Watch the ‘White Noise’ novel and film side by side

Noah Baumbach’s adaptation of Don DeLillo’s novel of the same name. <화이트 노이즈>is the result of faithfully following the original work. The film takes the same composition as the novel, which is divided into three parts, and brings not only the description of major events and scenes, but also a large part of the characters’ lines from the original work. However, despite the high rate of <화이트 노이즈>The adaptation of still seems to be far from the novel. This is because, as is well known, DeLillo’s novels have difficult conditions for film adaptation. The contents of the novel can be largely divided into two layers. An existential concern regarding the landscape of small and medium-sized American cities where meaningless information and consumerism systems like white noise have replaced reality, and the fear of death latent beyond that landscape. If the former requires a position of cultural criticism that analyzes the phenomenon while keeping a distance from the subject, the latter requires a drama of psychological sympathy and empathy toward the character. therefore <화이트 노이즈>The problems faced by the adaptation of can be summarized as follows. Can a film montage landscape and existence, criticism and drama?

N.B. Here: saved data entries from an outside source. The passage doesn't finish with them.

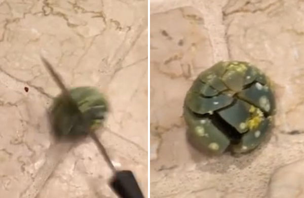 這枚色彩繽紛的雞蛋在9年前復(fù)活節(jié)的“尋找彩蛋”游戲中被遺忘在沙發(fā)坐墊下,直至今天才被發(fā)現(xiàn)。在這段令人反胃的視頻中,在Reddit McReddit搖了搖雞蛋后,能聽到有東西在里面翻滾,他說道“里面已經(jīng)變成一個(gè)皮球了!崩^而用刀敲開9歲的雞蛋殼,露出里面一個(gè)奇形怪狀、腐爛的腫塊。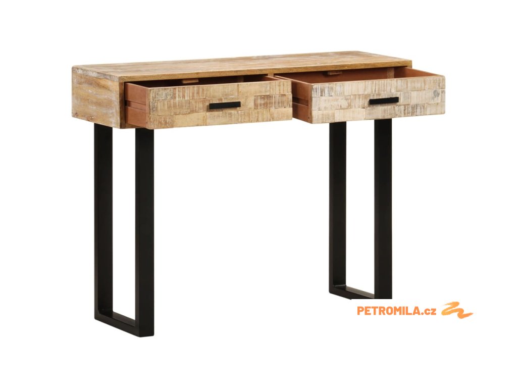 Stolní deska z masivního mangovníkového dřeva poskytuje spoustu místa pro vystavování dekorativních předmětů, zarámovaných fotografií, nebo i pokojových rostlin, zatímco drobné předměty, jako jsou klíče, zápisníky, pera a další drobnosti, můžete ukládat do dvou prostorných zásuvek. Železné krychlové nohy dodávají stolku bytelnost a industriální styl. Viditelná struktura dřeva propůjčuje každému kusu nábytku jedinečný a od ostatních lehce odlišný charakter.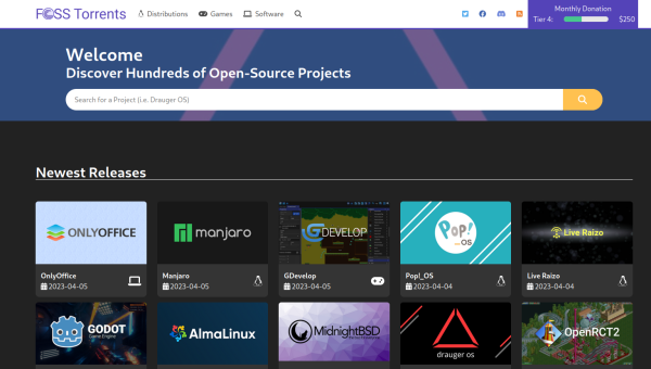 FOSS Torrents - это веб-портал, поддерживаемый сообществом, помогающий размещать торренты дистрибутивов Linux, игр и программного обеспечения.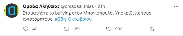 Σε ανάρτησή του στο Twitter, ο Νίκος Μπογιόπουλος κατονομάζει ευθέως την Ομάδα Αλήθειας της ΝΔ, ότι βρίσκεται πίσω από τη διαδικτυακή επίθεση που δέχεται, αφού ο λογαριασμός αυτός έγραψε σε σχετική ανάρτηση: «Σταματήστε το bullying στον Μπογιόπουλο. Υποκριθείτε τους ανιστόρητους», καλώντας έμμεσα σε «νέο γύρο» επιθέσεων.

Noah Baumbach’s <화이트 노이즈>It is the opening scene that shows a stark difference from the novel. The novel begins with Jack (Adam Driver) watching a procession of station wagons visiting the dormitory for the start of the semester, but the movie first shows Murray (Don Cheadle)’s car crash seminar mentioned in the third part of the novel. Murray shows conflict scenes in American B-movies and says we should see “American optimism” instead of violence. According to him, all car crashes are always intended to show improved film technology, and therefore the site of this crash is a festival ground that reaffirms the traditional values ​​and beliefs of progress. It can be misunderstood as the meaning of enjoying the spectacle of violence, so Murray’s words, which are somewhat uncomfortable, are that we should face up to the violence shown in the video is a virtual reality that can be replaced with the myth of technology at any time. To sum it up, you might call it ‘a strategy to virtualize reality’. As his words imply, <화이트 노이즈>In the landscape of small and medium-sized American cities in the 1980s, virtualized reality overwhelms reality, such as radio and television, shopping centers, and disaster simulations.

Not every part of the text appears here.